I was recently working with an organization to improve their graphs for an upcoming conference presentation.
Notice anything funny about the height of these bars?
The shortest bar, for 2012, represents 26,000 youth. But the tallest bar, for 2010, represents 27,000 youth. 26,000 and 27,000 are pretty similar numbers, yet they look reeaaaallllly different. The 26,000 seemed way too short compared to the 27,000.
This graph’s vertical y-axis doesn’t start at zero, so the differences between bar heights are exaggerated.
It’s okay to have a non-zero y-axis. But, it must be labeled.
In the after version, I added labels for 25,600, 26,000, 26,400, and so on.
We don’t want to mislead our viewers. We have to be clear that we’ve intentionally truncated that y-axis so that we could zoom in on that segment between 26,000 and 27,000.
Or, another option is to adjust your vertical y-axis so that it starts at zero.
Then, you wouldn’t need to have any axis labels off to the left of your graph.
The tradeoff is that, now, the bars are all roughly the same height… which might be okay, depending on what you want to emphasize. Maybe you’re trying to show that a consistent number of youth were enrolled in the study sample each year. In that case, starting the y-axis at zero would help you out.
Let’s look at those two “after” versions once more.
Option A, on the top right: If you’re going to start your y-axis at something other than zero, then you need to add axis labels.
Option B, on the bottom right: You can start your axis at zero and forego having any labels.
How have you handled truncated y-axes in your projects?
I would say that your options are great rules, but would disagree with your visual metaphor of a bar chart.
Bar charts inherently use length to visualize the measure of the data. If you truncate the length at all, the visual metaphor disappears all together, regardless of whether or not the axis is labeled.

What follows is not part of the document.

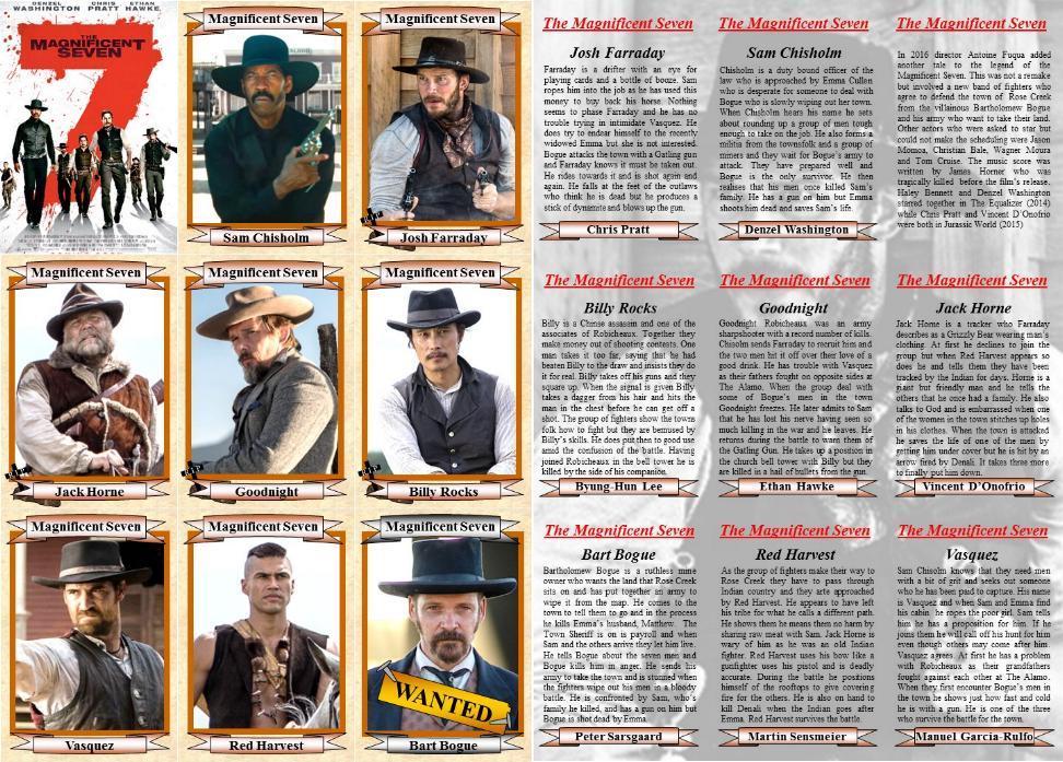The Magnificent Seven (2016) movie trading cards. Washington, Pratt, Hawke

A better visual metaphor in this case (and I would say of any case in which the axis is truncated) would be a trend line chart. The data in the case are already over time, making it the more appropriate choice from the start. Then, if you need to truncate the axis to make the change in the data more clear, you don’t lose the meaning of the visual metaphor, like in the case with the bar chart.
In line charts that are truncated, I like to not only indicate the scale with labels, but also distinguish the baseline with weight. For example, if I normally make the baseline a solid, 1pt line and the grid lines 0.5pt dotted line, I would also code the “baseline” in a truncated chart the in the same way as I would the rest of the grid lines. I’ve found this has helped people more readily notice that the baseline is not really a baseline, but a truncated y-axis.
I totally agree with Jessica here. Please don’t truncate the y-axis when using bar charts. Plot a line chart instead.
Wouldn’t this be a case for possibly not even using a bar chart and just stating the there was virtually no variation in youth enrollment from 2008-2014? (the coefficient of variation for this data set is ~1.3%). Unless there is some threshold # (i.e. 26,500) that the data “needs” to be at (which you could then draw a line at as a performance indicator regardless of the y-axis), this may be a talking point sentence vs a chart.